MV Agusta’s motorcycle are certainly better than they have been historically, the joke being that each bike MV releases is “the best ever” from the company. That’s a joke because the bar has always been particularly low, and even still there is room for improvement from the Italian marque with its latest efforts.

With the bevy of electronics on modern motorcycles though, OEMs are often able to make mid-life updates that require just a simple reflash of the ECU from the dealer — a fact MV Agusta leaned perhaps too hard on with the F3 675 launch, a machine that was unrideable at its press launch, but we ready for update by the time it came to American dealers.

With MV putting that much reliance on its dealer network, it only makes sense that the dealers be as well-trained as possible, not mention, lead the charge on customer experience management.

As a colleague and I discussed, BMW has had a notoriously bad track record lately with recalls and model issues, but because the brand and its dealers have taken care of its customers so well during those critically hard times, the BMW riders keep coming back. MV Agusta, and other marques, take note.

Parting Thoughts

I have never been particularly positive of MV Agusta under Giovanni Castiglioni’s leadership. The company is debuting too many bikes that take too long to actually come to market. When they do come, they are not ready or at the level one would expect from say a competitor like Ducati, KTM, or Triumph.

These opinions of mine have made it to Varese and back, or so I’m told. Sorry for partying.

That being said, I’m starting to warm up to MV Agusta. The bikes at their core are good. The company’s new three-cylinder engine really is a piece of art, especially if you ask the people who can discern such things, such a motor builders and race tuners.

MV Agusta is not strong on the details, but they are slowly “getting it” — as much as an Italian motorcycle company can, as I honestly believe there are cultural issues that hold brands like Ducati and MV Agusta back on the global marketplace.

With strong leadership and guidance, as well as regular access to capital, I think MV Agusta has the potential to be that other Italian brand — sorry Aprilia.

Our presentation made strong distinctions between what has happened in the past, both at MV Agusta and MV Agusta USA, and what will happen now. It’s fair play, to blame the old guard, but it reminds me of a common joke, which I think summarizes my thoughts as a whole about our day-long exchange with this Italian OEM:

A common tradition in the White House is for the outgoing President to write the incoming President two letters, with a note that if the new President should ever encounter a national problem he/she cannot fix, they should open the first letter. And if then a second national crisis comes along that the new President cannot fix, to open the second letter. 

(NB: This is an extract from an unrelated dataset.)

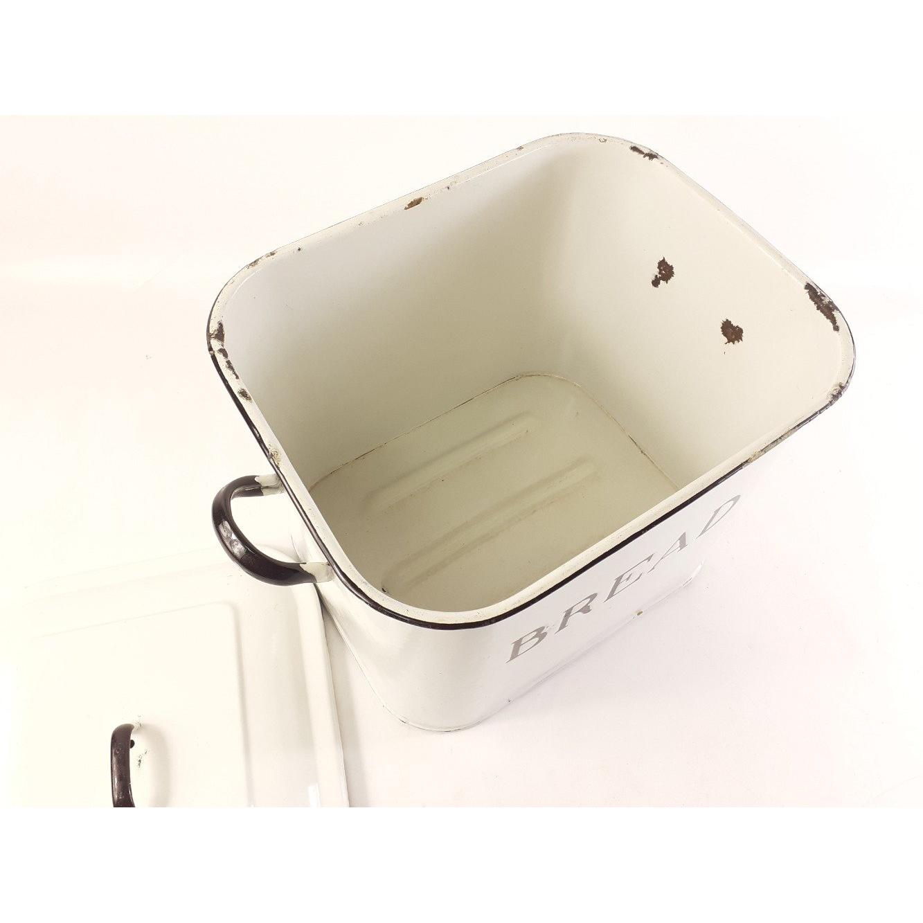 A white enamelled vintage bread bin, 35 x H23 x D24cm approx. Some honest wear to enamel.Approx 1 pieces

As time goes on, sure enough the new President faces an issue that he cannot sidestep, so he opens the first letter. It says, “blame everything on me” and is signed by the previous President. And so the new President does so, and is able to continue onward leading the country, with effect.

As time goes on though, another crisis occurs. Unable to resolve it, the new President looks for wisdom again from his predecessor, and opens the second letter. It reads, “write two letters.”

According to my scorecard, MV Agusta is already a letter deep into this changing of the guard. Hopefully the company’s management won’t need to look to that second letter for wisdom. Call that my reserved optimism for the brand.